1.        By default COPPA 2.0 would prohibit

  • the collection, use or disclosure or maintenance of personal information for purposes of targeted advertising to children and teens - this is a flat out ban, consent is not required.

  • the collection of personal information except when the collection is consistent with the context of the relationship and necessary to fulfill a transaction or service or provide a product or service requested of the relationship of the child/teen with the operator.

  • the retention of personal information for longer than is reasonably necessary to fulfill a transaction or provide a service.

 

2.        By extending COPPA protections to teens, COPPA 2.0 would further limit data collection from children and teens as COPPA 2.0 would prohibit

  • conditioning a child’s or teen’s participation in a game, the offering of a prize, or another activity on the child’s or teen’s disclosing more personal information than is reasonably necessary to participate in such activity.

 

3.        Any other personal information that companies would want to collect, use, or disclose requires parental consent or the consent of a teen, except for certain internal permissible operations purposes of the operator.

 

COPPA 2.0's data minimization provisions prevent the collection, use, disclosure, and retention of excessive data from the start.
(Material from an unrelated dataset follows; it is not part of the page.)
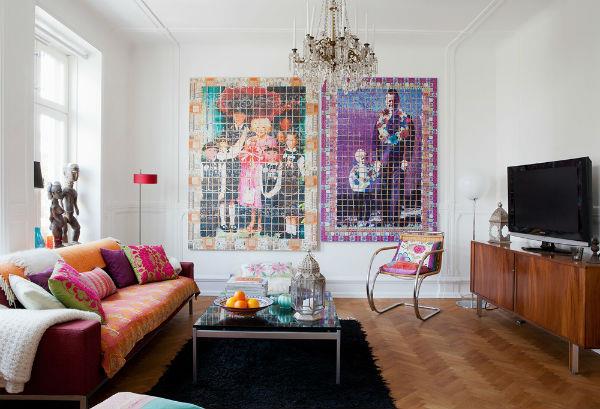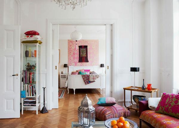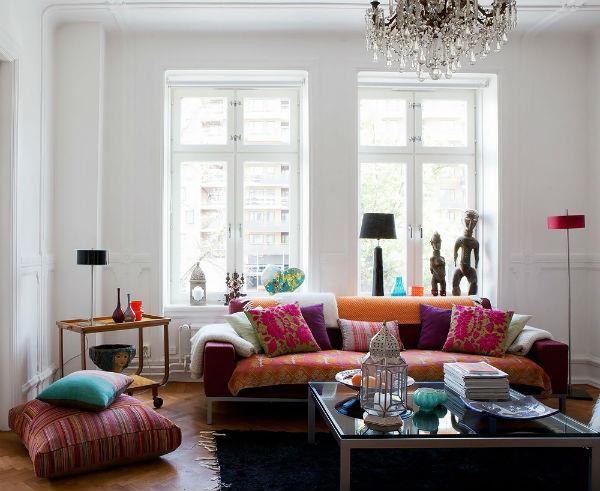 Διακόσμηση με ethnic πινελιές και έντονα χρώματα κυριαρχούν σε όλο το χώρο του σπιτιού.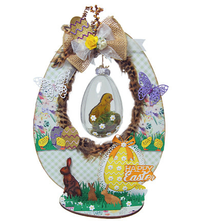 Houten ei 27.5 cm. + plastic ei 11 cm.

By not collecting or retaining unnecessary data, harmful, manipulative, and exploitative business practices will be prevented. The consent provision is important but plays a relatively small role in the privacy safeguards of COPPA 2.0.

 

 But what about….?

targeted advertising, don’t we need a clear ban of targeted advertising to children and teens?

Yes, and COPPA 2.0 bans targeted advertising while allowing for contextual advertising.

  • Under COPPA 2.0 it is unlawful for an operator "to collect, use, disclose to third parties, or maintain personal information of a child or teen for purposes of individual-specific advertising to children or teens (or to allow another person to collect, use, disclose, or maintain such information for such purpose).”

 

But what about….?

…the transfer of personal information to third parties?

Yes, COPPA 2.0 requires verifiable consent by a parent or teen for the disclosure or transfer of personal information to a third party, except for certain internal permissible operations purposes of the operator. Verifiable consent must be obtained before collection, use, and disclosure of personal information via direct notice of the personal information collection, use, and disclosure practices of the operator. Any material changes from the original purposes also require verifiable consent.

(Note that the existing COPPA rule requires that an operator gives a parent the option to consent to the collection and use of the child's personal information without consenting to the disclosure of his or her personal information to third parties under 312.5(a)(2). The FTC recently proposed to bolster this provision under the COPPA rule update.)